这一下怕是不得安宁,聂甄为了避免不必要的麻烦,跟着顾庭深去了就近的派出所,将事情的经过详细地又说了一遍,唐宋寸步不离地跟在她身边,时时提防着顾庭深,看那架势,好似顾庭深随时都会抢走聂甄似的。

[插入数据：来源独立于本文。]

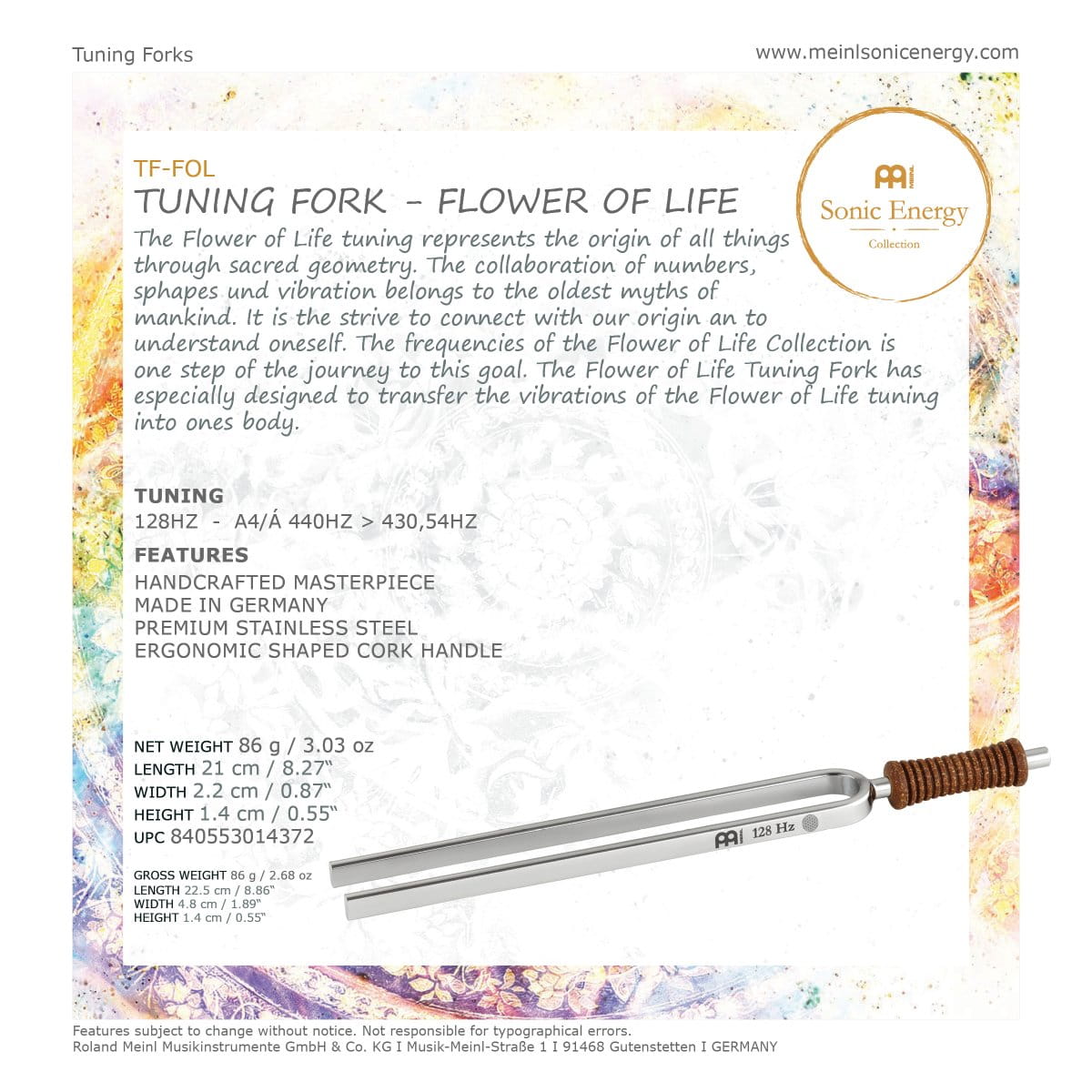 Pięknie wykonany, stalowy kamerton Czakry Serca, któremu odpowiada częstotliwość Ziemi - 136,10 Hz. Kamertony planetarne MEINL są produkowane przy użyciu obliczeń Hansa Cousto (dotyczących tzw. Kosmicznej Oktawy), w celu właściwego dopasowania częstotliwości Słońca, Księżyca i planet. Każdy z nich jest dostrojony tak, aby wytwarzał odpowiednią częstotliwość ciała niebieskiego. Kamertony z tej serii zostały zaprojektowane do zastosowania w celach terapeutycznych.

与唐宋的紧张相比,顾庭深却好像完全没有将他放在眼里。
聂甄身上还穿着戏服,此时这身衣服又显得无比扎眼,她出来时不满地瞥了眼顾庭深:“怎么每次跟你在一起总能碰上这种事情,你下次可不可以不要再跟着我。”
“如果我今天并不在那里,你下了枯井就不会发现那具女尸了吗?”
“……”
“既然我在不在都无法改变你发现尸体的现实,那你现在的埋怨又有什么意义?”顾庭深双手背在身后,立在那里,面色如常,却仿佛被清水浸过似的清冷。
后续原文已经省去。